Conditions in the field are rough, he said. He once slept alongside soldiers on the bare earth in pouring rain with no cover. The officers may not want the photographers there, but the soldiers do. They want the world to see the conditions in which they’re forced to fight, Goto said.

As for the ever-lurking land mines, Goto said, “I just try not to think about it.”

Yokota has a more practical approach: he follows in the footsteps of soldiers in front of him.

All count themselves lucky not to have stepped on a mine. O’Smach is in Oddar Meanchey, the most heavily mined province in one of the most heavily mined countries in the world.

Rockoff said the Japanese photographers have an advantage over Westerners with their Asian looks. Goto, when wearing militaray fatigues, can pass as an ordinary soldier, he said.

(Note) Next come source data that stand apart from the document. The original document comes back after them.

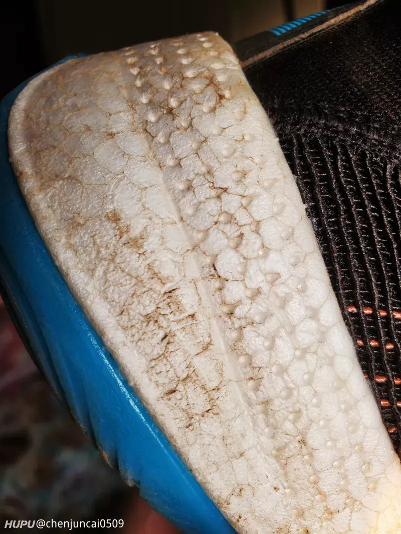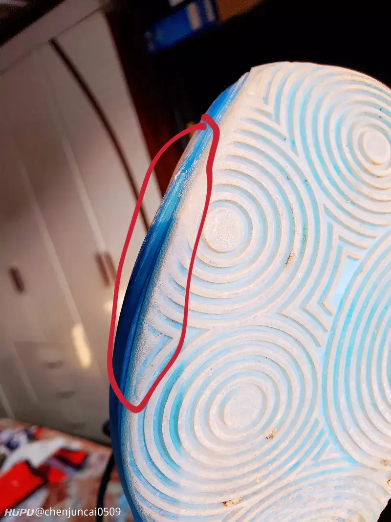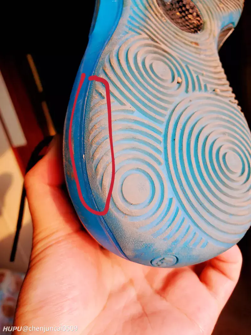 1.䨻材料的耐用性,这里的耐用性不是指衰减,而是䨻材料像泡沫一样,硬度不够,因为内侧的䨻没有进行包边,在突破过程中难免与地面发生摩擦,从而导致䨻很容易就会产生裂纹,甚至可能直接被刮掉一块。图上明显的看到因为与地面的剐蹭产生了很多裂纹,并且还有起皮现象。如果真的是打外场,暴力打法和突破流的JR要多注意了。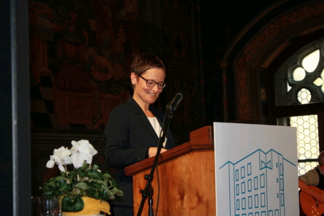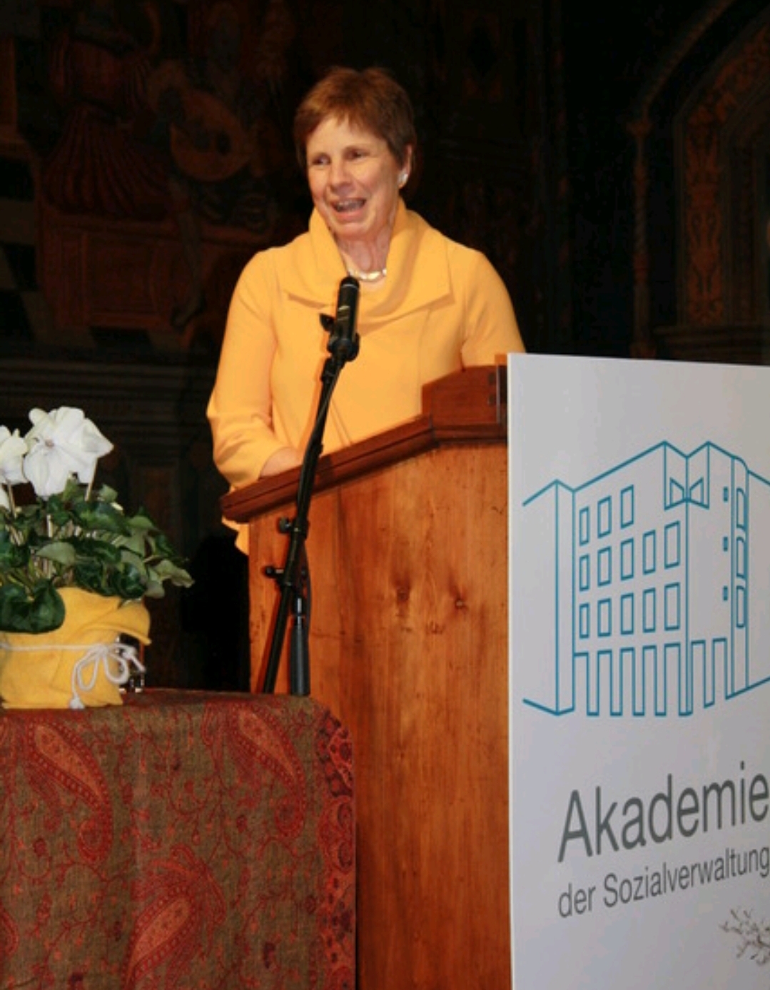 Die Leiterin der Akademie der Sozialverwaltung, Brigitte Schulan, begrüßte die Gäste im gut gefüllten Rathaussaal und verglich die Ausbildung von Menschen mit dem Bauen oder Gärtnern.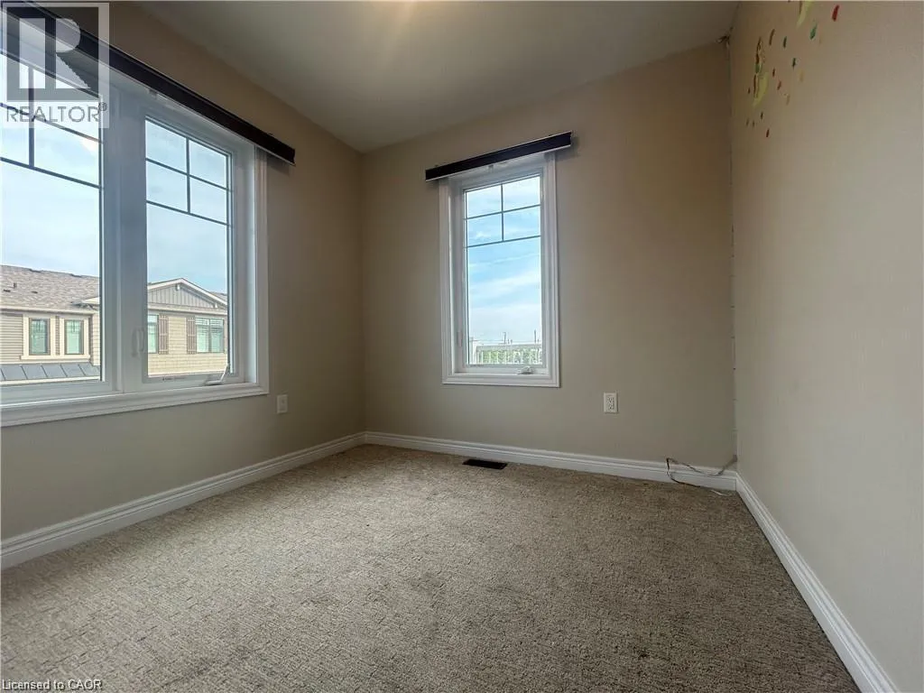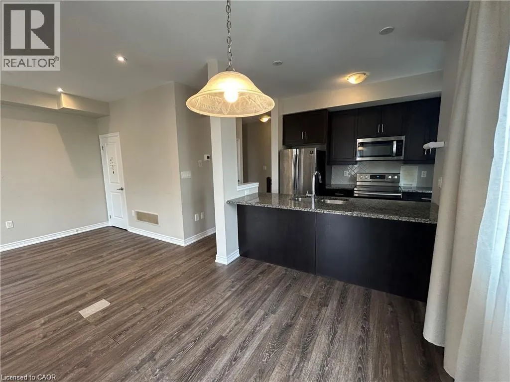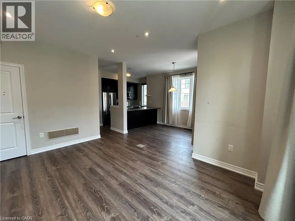 South of QEW -East of Fruitland- West of Fifty Road This modern Branthaven end-unit townhome is available for immediate possession, two parking spaces, and a quiet interior location within the complex. Featuring an open-concept layout with tall ceilings, wide plank flooring, quartz countertops, stainless steel appliances, and two private balconies, it combines style and function. The home includes three bedrooms, a full bath upstairs, a main floor powder room, in-suite laundry, and a versatile flex space at the garage entryâideal for a home office. Located minutes from the QEW, Fifty Road shopping, the beach, and Fifty Point Conservation Area, itâs perfect for commuters and outdoor enthusiasts alike. Tenant responsible for utilities. No pets. Non-smoking home (id:27476)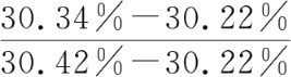 将四次测定结果按从小到大顺序排列:30.22%、30.34%、30.38%、30.42%,其中30.22%为可疑值。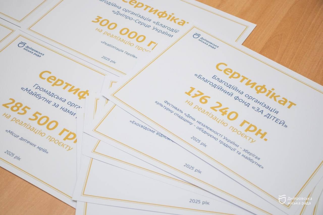 У Дніпрі відзначили переможців другого етапу конкурсу щодо надання фінансової підтримки з бюджету міської територіальної громади. Запрошеним вручили відповідні сертифікати. Цього року на другий етап конкурсу громадських об’єднань, впровадженого за підтримки міського голови Бориса Філатова, було подано 17 проєктів, із яких перемогли 12. З міського бюджету на їхнє фінансування у межах муніципальної програми розвитку місцевого самоврядування на 2021-2025 роки виділено 2,5 млн грн.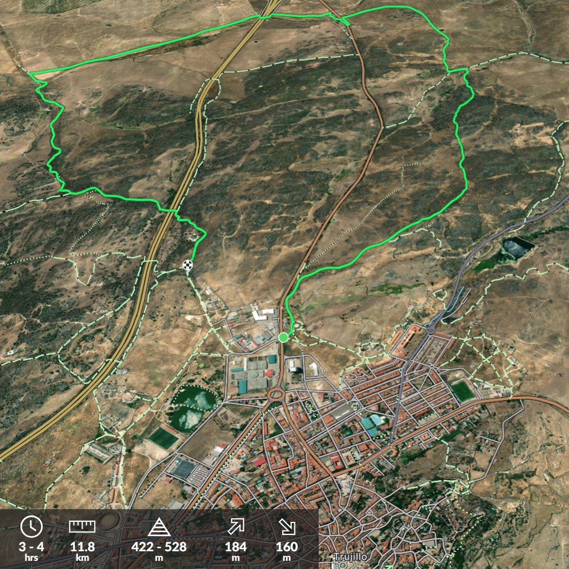 IBP Corriendo: 61 IBP Caminando: 41 IBP Bicicleta: 11 Desnivel de subida: 121 m Desnivel de bajada: 160 m Distancia Horizontal: 6,8 Km Altitud Final: 401 m Altitud Inicial: 441 … PR CC 202 Camino Vespasiano (Villar de Plasencia-Cáparra) Mas...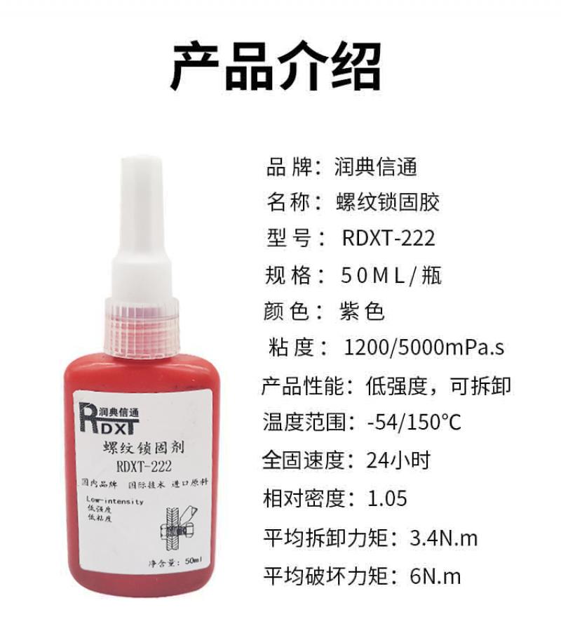 润典信通 RDXT-222 50g/支/10支1盒 螺纹锁固胶 RDXT-222紫色 (单位:盒)

When officers put a moratorium on photojournalists on the front-line at O’ Smach last year, Yokota put a krama, a Khmer scarf, around his head and got past the checkpoints.

But that almost backfired for Goto during the July 1997 fighting in the capital when he took pictures of looting soldiers. Twice in one day, soldiers pointed guns at him and threatened to shoot. Fortunately, Cambodian journalists nearby talked them out of it, he said.

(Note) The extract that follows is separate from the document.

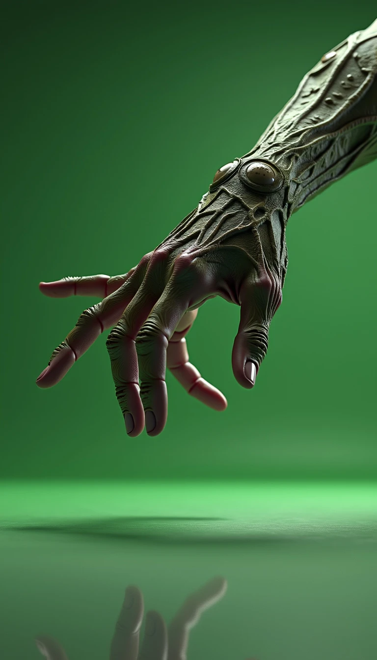 8K ultra-realistic 3D rendered image of a hand similar to "Thing" from The Addams Family: A lifelike, detailed 3D hand with an eerie, slightly weathered texture, resembling "Thing" from The Addams Family, is mid-leap as if jumping to grab something just out of reach. The hand appears animated, with its fingers spread in a grabbing motion, giving a dynamic, energetic feel as it reaches forward. The lighting captures the shadows and creases in the skin, making the hand look ultra-realistic and detailed, while emphasizing the stretch in its fingers. The background is a simple, one-color green screen for easy background removal and editing in post-production. The scene is captured from a wide-angle perspective with the hand in sharp focus, showing its slight reflection on the floor, further enhancing the 3D effect.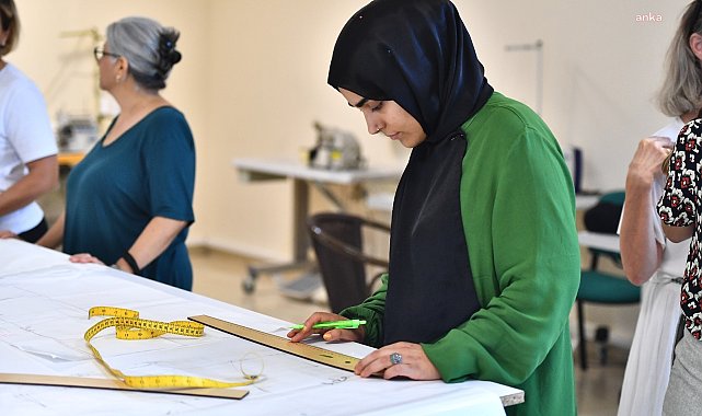 (İZMİR)- İzmir Büyükşehir Belediyesi Kadın Çalışmaları Şube Müdürlüğü’nün Meslek Fabrikası iş birliği ile hayata geçirdiği Mor Makas Dikiş Kursu başladı. Makas ve mezuraları eline alan kadınlar, kalıp çıkarmayı öğrenip dikiş makinesinin başına geçmeye hazırlanıyor.İzmirli kadınlar, hem yeni bir beceri kazanmak hem de ekonomik özgürlüklerini elde etmek için harekete geçti. İzmir Büyükşehir Belediyesi Kadın Çalışmaları Şube Müdürlüğü ve Meslek Fabrikası iş birliği ile başlatılan Mor Makas Dikiş Kursu, Örnekköy’de bulunan İzmir Büyükşehir Belediyesi Anahtar Kadın Çalışmaları Bütüncül Hizmet Merkezi’nde çarşamba, perşembe ve cuma günleri 09.30-14.30 saatleri arasında veriliyor. Dikişe dair temel bilgilerin aktarıldığı kursta hem öğrenen hem de keyifli vakit geçiren kadınlar, kendi giysilerini dikmeyi ve ürettikleri kıyafetleri satmayı hedefliyor.Kadın odaklı çalışmalar

On the same street later in the day, soldiers involved in looting shot dead a Cambodian-Canadian for taking pictures of the same scene.

That same day, Goto met Rockoff as they both took pictures of a burning tank near the Royal University of Phnom Penh. Since then, the well-known photographer with the long gray beard, has become the group’s unofficial “sempai,” the Japanese word for “master.”

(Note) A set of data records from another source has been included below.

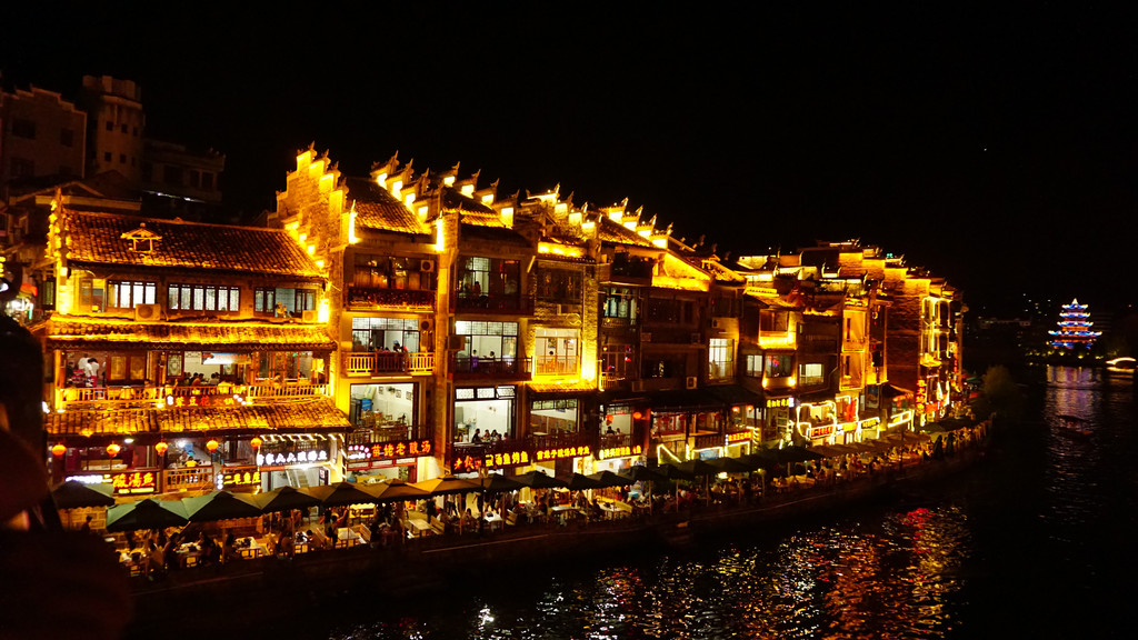 从凤凰出来就驱车到“黔东门户”贵州镇远,晚上就住镇远的河边客栈。舞阳河两岸璀璨的灯光和水面上的波光灯影交相辉映,千年古镇显得分外妖娆。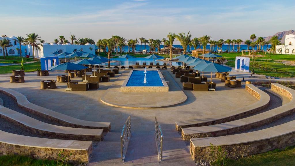 يقع “Safir Dahab Resort فندق سفير دهب” على بعد ساعة واحدة فقط بالسيارة من شرم الشيخ، ويتميز بإطلالات بانورامية على البحر الأحمر، كما يحتوي على شاطئ خاص ويضم منطقة مسبح أنيقة ذات مناظر طبيعية. تتميز الغرف بأنها واسعة وتحتوي على أسرّة فاخرة، كما تشمل ميني بار وحمّاماً رخامياً خاصاً، وتوفر كل غرفة شرفة مع إطلالة على الحديقة.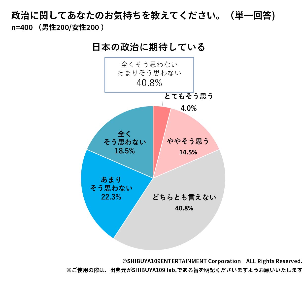 SHIBUYA109 lab.のこれまでの調査では、Z世代は社会課題に関心が高く、昨年度の調査でも高い投票意向があることがわかっています。そんなZ世代は今後控えている選挙や政治家に対してどのように考えているのでしょうか。一都三県に住む男女を対象とした定量調査と、定性調査を実施し、彼らの政治に対する意識を明らかにしました。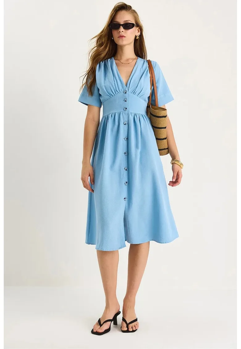 Rochie midi –  decolteu in V – textil – albastru deschis

At O‘Smach a few weeks later, Rockoff passed along such valuable tips as where to stand so you don’t get shot while taking pictures, and how to tell where artillery fire is coming from and where it might land.

“When I talk to him, I cannot speak right and my hands shake,” Goto said. “’He’s my ‘sempai.’ ”

Yokota said he has the same problems when encountering legends such as Rockoff and Page. “It’s hard to talk to them; they’re too famous,” he said. “When I first came to Cambodia, I wanted to be like them.” Mostly he just listens as Rockoff tells stories of his days in Vietnam and how he covered the fall of Phnom Penh.

Now that the elections are over, the Khmer Rouge is nearly finished and Cambodia is falling out of the international spotlight, the group is wrapping up their Cambodian adventure and looking for the next hotspot.

The only exception is Yamashita, who has landed a job with Kyodo News Service starting next year and will have to spend three to five years as a domestic photographer before being sent overseas.

Yokota said, “The Khmer Rouge is finished, so my interest is finished too.”